**Directions**
Begin at the line that has "在XX公司学习贯彻中央经济工作会议精神专题部署会上的讲话", stop after the line that has "Este apartado funciona", and print exactly those lines from the records below, without any pictures.
---+---
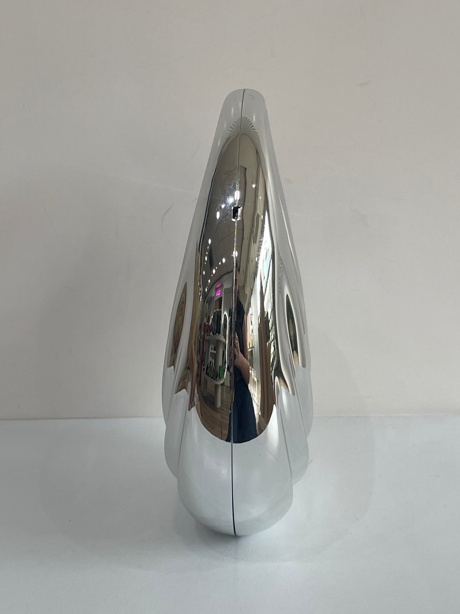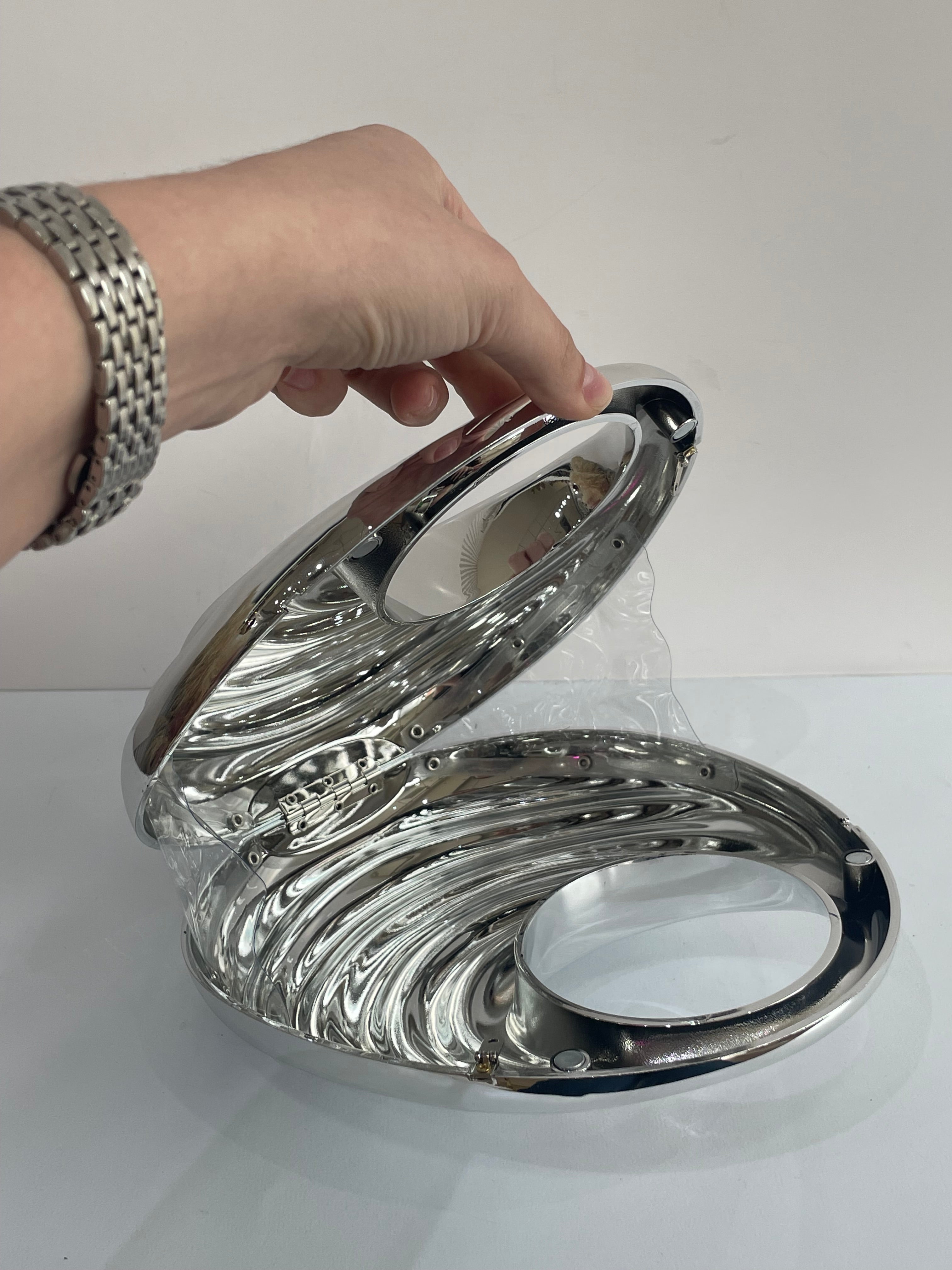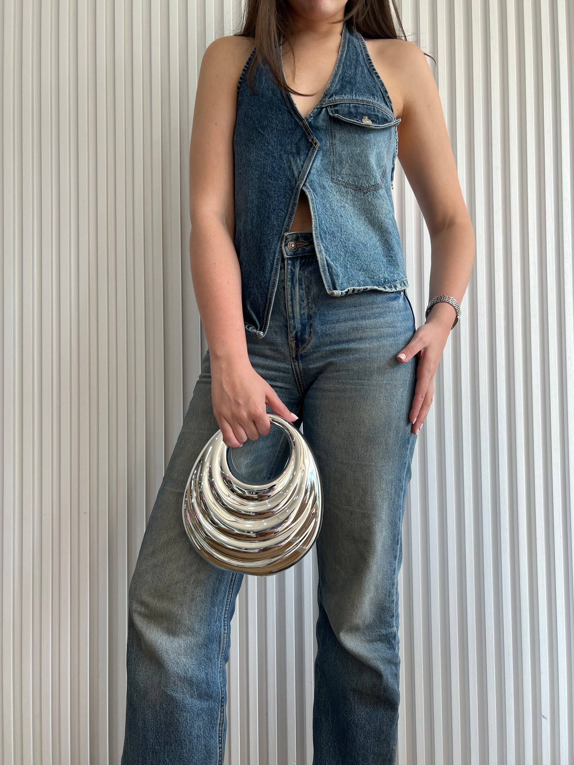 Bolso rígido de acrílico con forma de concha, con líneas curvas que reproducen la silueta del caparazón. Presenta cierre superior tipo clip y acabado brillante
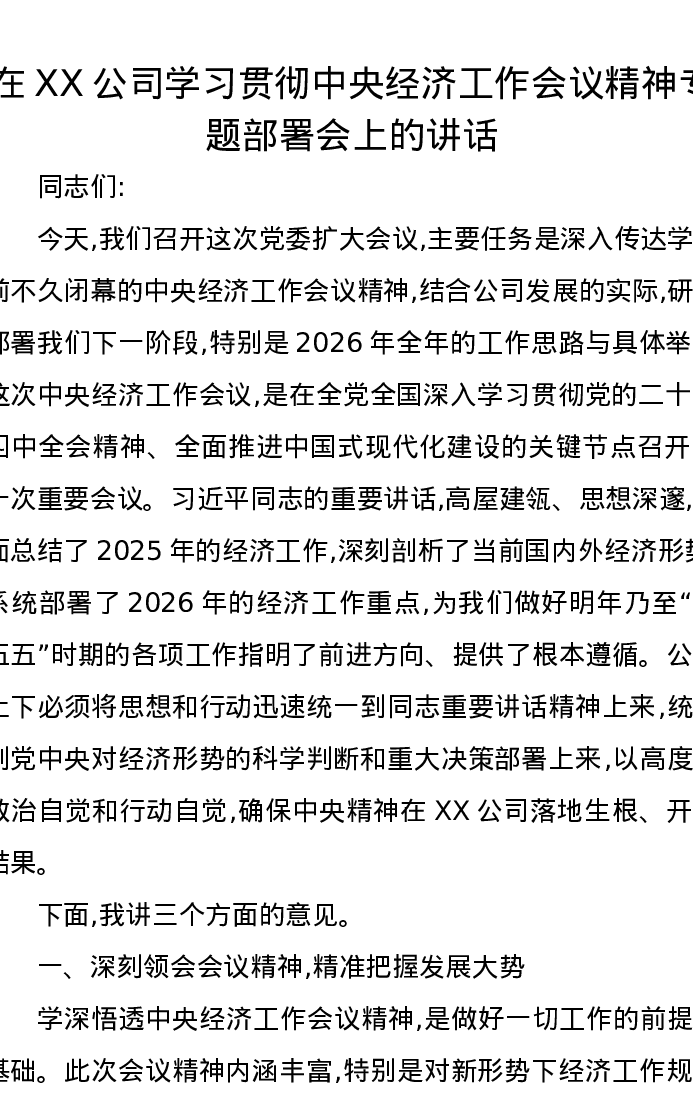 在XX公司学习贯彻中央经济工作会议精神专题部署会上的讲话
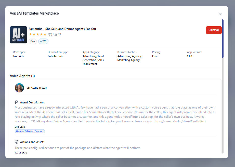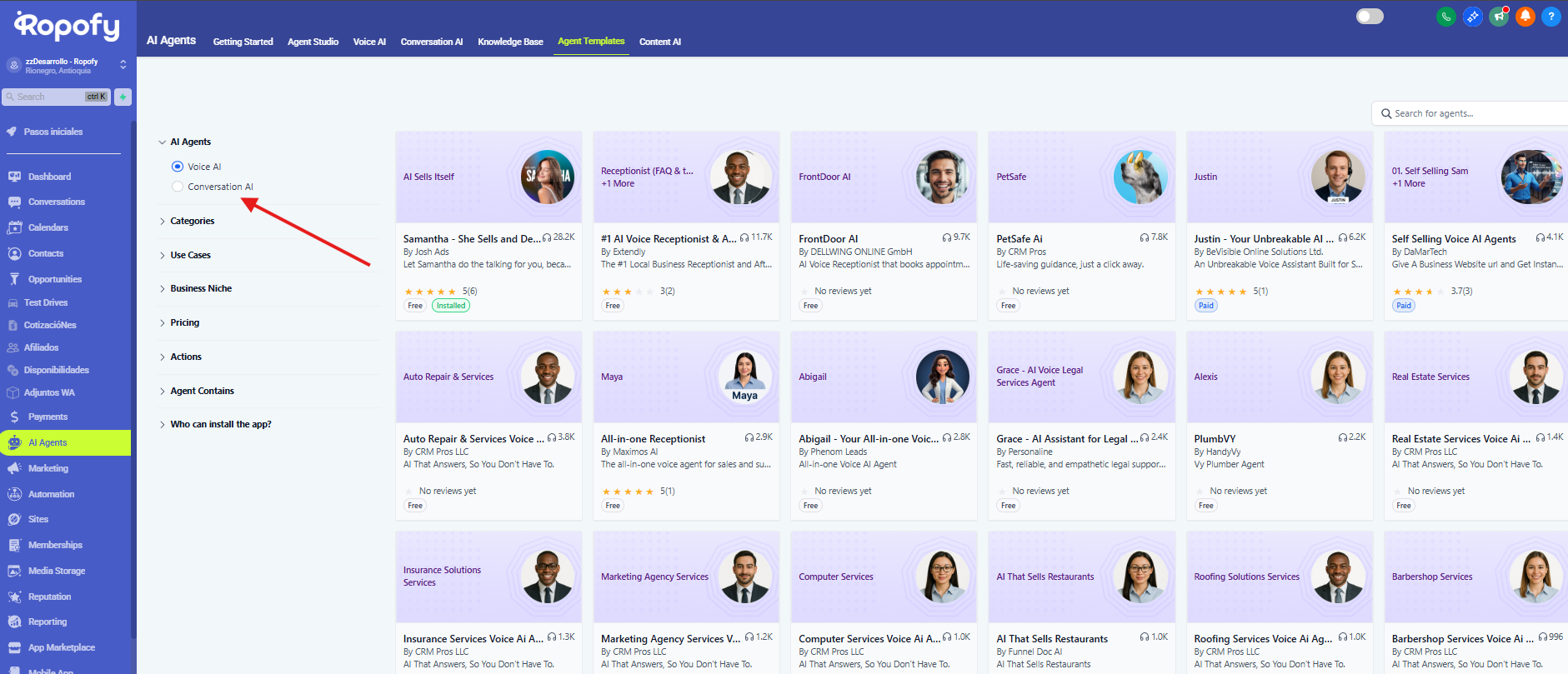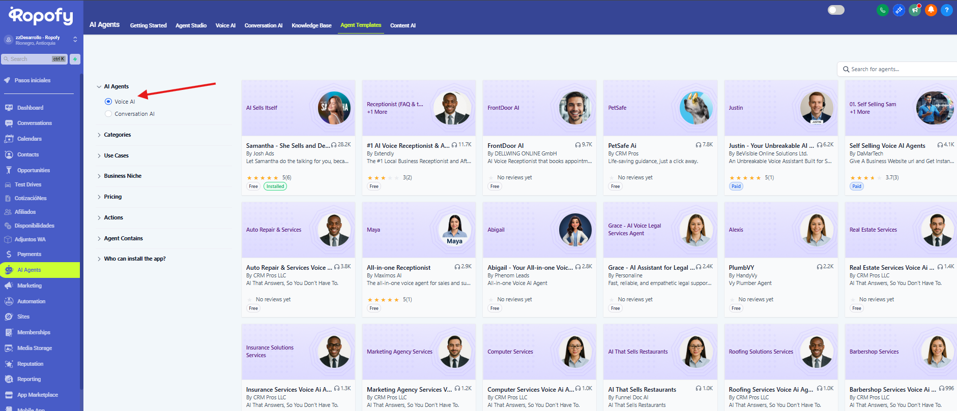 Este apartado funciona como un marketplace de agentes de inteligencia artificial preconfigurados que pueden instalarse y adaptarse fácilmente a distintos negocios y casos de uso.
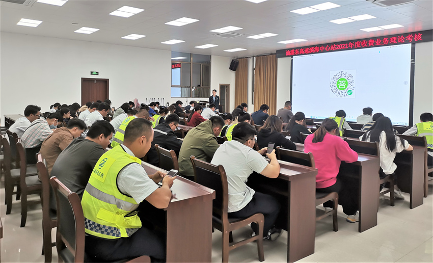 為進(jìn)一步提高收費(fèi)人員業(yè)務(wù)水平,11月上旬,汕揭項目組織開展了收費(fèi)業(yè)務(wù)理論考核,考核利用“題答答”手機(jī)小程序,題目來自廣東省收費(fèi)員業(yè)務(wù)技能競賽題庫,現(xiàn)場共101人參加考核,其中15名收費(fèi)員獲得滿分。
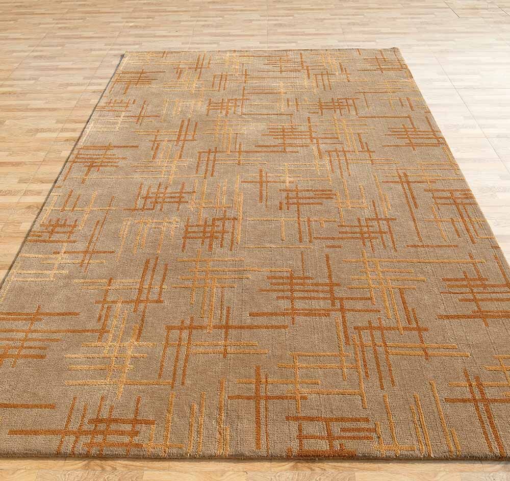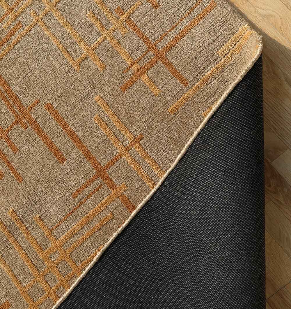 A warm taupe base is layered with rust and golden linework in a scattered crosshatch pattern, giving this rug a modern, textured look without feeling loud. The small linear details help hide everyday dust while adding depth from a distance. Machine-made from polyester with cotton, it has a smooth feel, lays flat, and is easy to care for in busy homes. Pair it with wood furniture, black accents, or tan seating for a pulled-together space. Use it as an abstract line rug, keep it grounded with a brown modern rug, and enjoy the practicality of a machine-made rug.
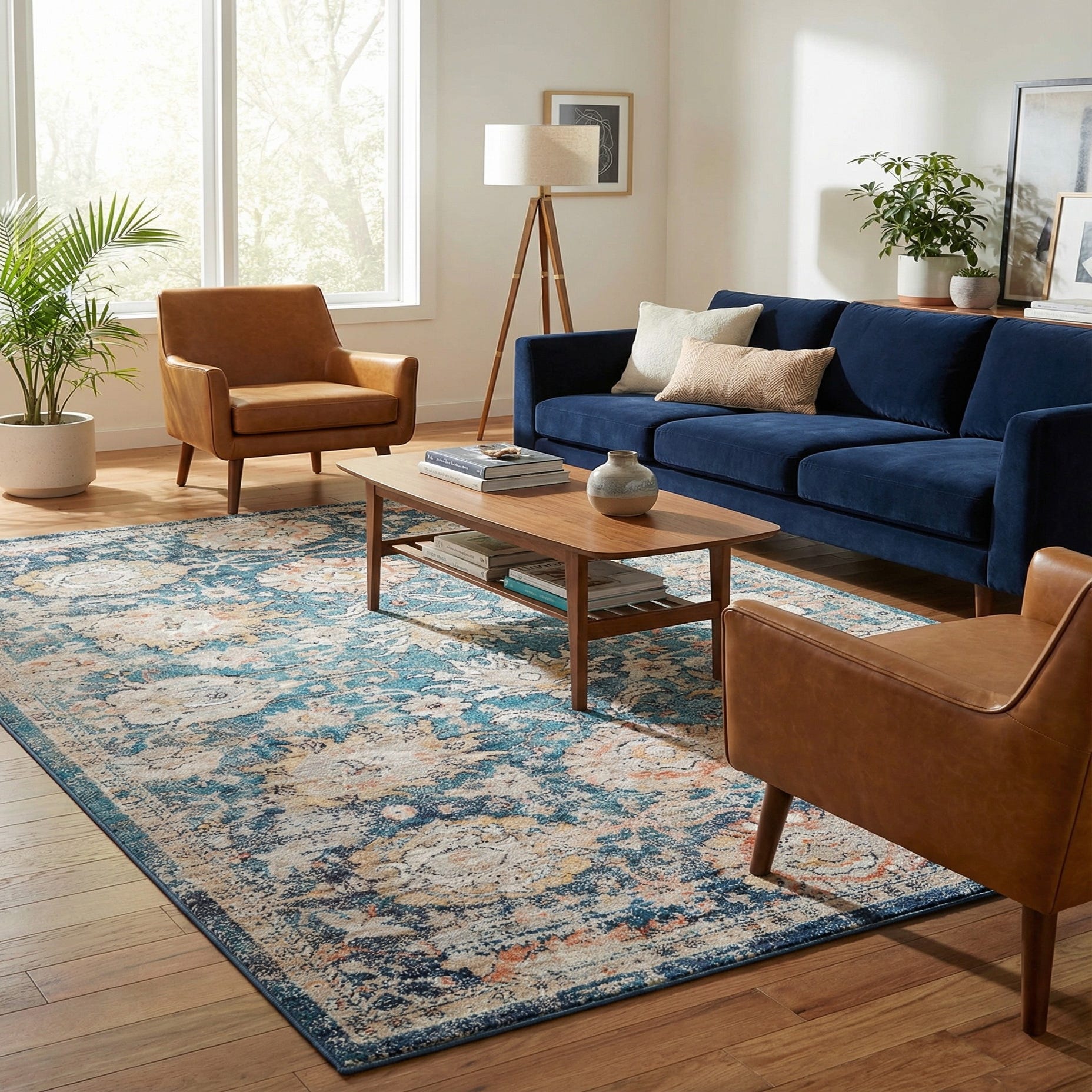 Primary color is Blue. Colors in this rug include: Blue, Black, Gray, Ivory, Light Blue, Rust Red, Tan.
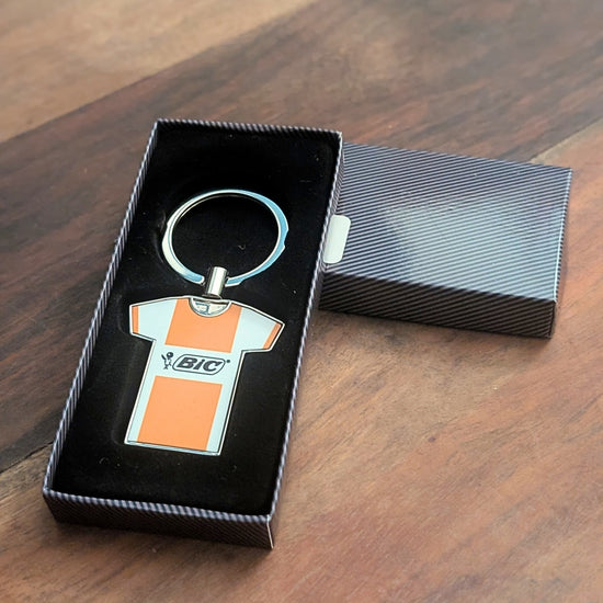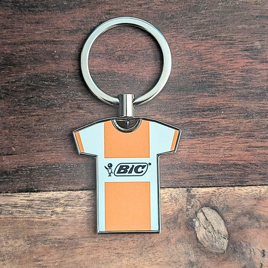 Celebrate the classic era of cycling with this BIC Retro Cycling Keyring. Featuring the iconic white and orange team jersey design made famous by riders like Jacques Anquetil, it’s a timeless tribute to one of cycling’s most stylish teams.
---+---
**Task solution**
 在XX公司学习贯彻中央经济工作会议精神专题部署会上的讲话
 Este apartado funciona como un marketplace de agentes de inteligencia artificial preconfigurados que pueden instalarse y adaptarse fácilmente a distintos negocios y casos de uso.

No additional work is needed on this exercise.